Some companies will feel the pressure more than others. Therapies that require coordination across multiple agencies, like those involving companion diagnostics, are especially exposed to regulatory slowdowns. The result is a pathway that’s not just slower, but harder to predict, which could complicate deal timing and make valuations harder to pin down. In this kind of environment, M&A isn’t just a growth lever — it could be a necessary lifeline.
A buyer’s market in the making?
Activist investors are expected to push underperforming biotechs to explore strategic alternatives, and private equity firms sitting on undeployed capital are keeping a close eye on potential targets. For big pharma, it could be a rare moment to buy innovative science at discounted prices.
In short, while economic headwinds and regulatory uncertainty may be holding big pharma back from aggressive expansion, the same forces could push smaller biotech firms into the arms of larger partners.

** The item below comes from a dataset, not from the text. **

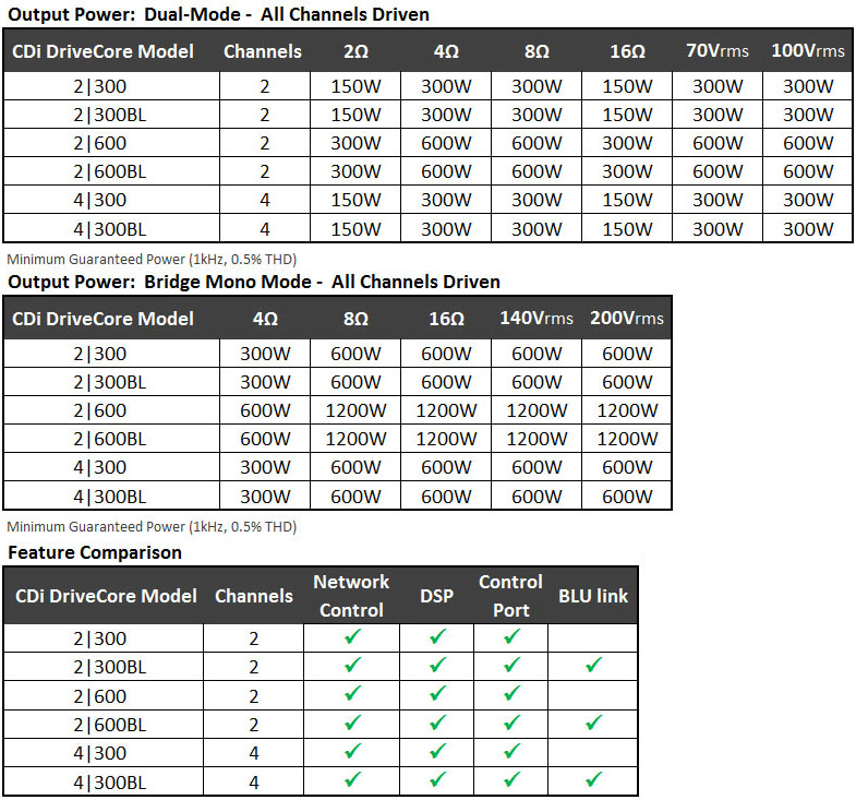 CDi DriveCore系列掀起了功放的革命性創(chuàng)新,呈現(xiàn)了令人刮目的高性能、豐富功能以及成本優(yōu)勢的完美組合。CDi DriveCore采用哈曼旗艦固定安裝功放(Crown DriveCore Install系列)技術(shù),簡化了功能,幾乎適用于任何中小型固定安裝、電影院、零售店等應(yīng)用場合。CDi DriveCore系列設(shè)計旨在各種應(yīng)用場景中運用自如,擁有2或4通道配置,以及網(wǎng)絡(luò)控制/監(jiān)控、高電平DSP、前面板界面等,且無需外接變壓器也能驅(qū)動高達(dá)100Vrms定壓模式的揚聲器。此外,使用BLU link(BL模式)還可改變通道數(shù)/輸出功率,實現(xiàn)了通過哈曼數(shù)字音頻總線收發(fā)通道的功能。

So, is 2025 the big year for pharma M&A?
The answer might depend on what lens you’re using. If you’re expecting a blockbuster year filled with megadeals, the first quarter says “not yet.” But if you’re watching for a slow-burning shift where necessity drives consolidation, particularly among smaller players, the fuse may already be lit.
With eight months to go, there’s still time for 2025 to deliver. Just don’t expect fireworks, at least not yet.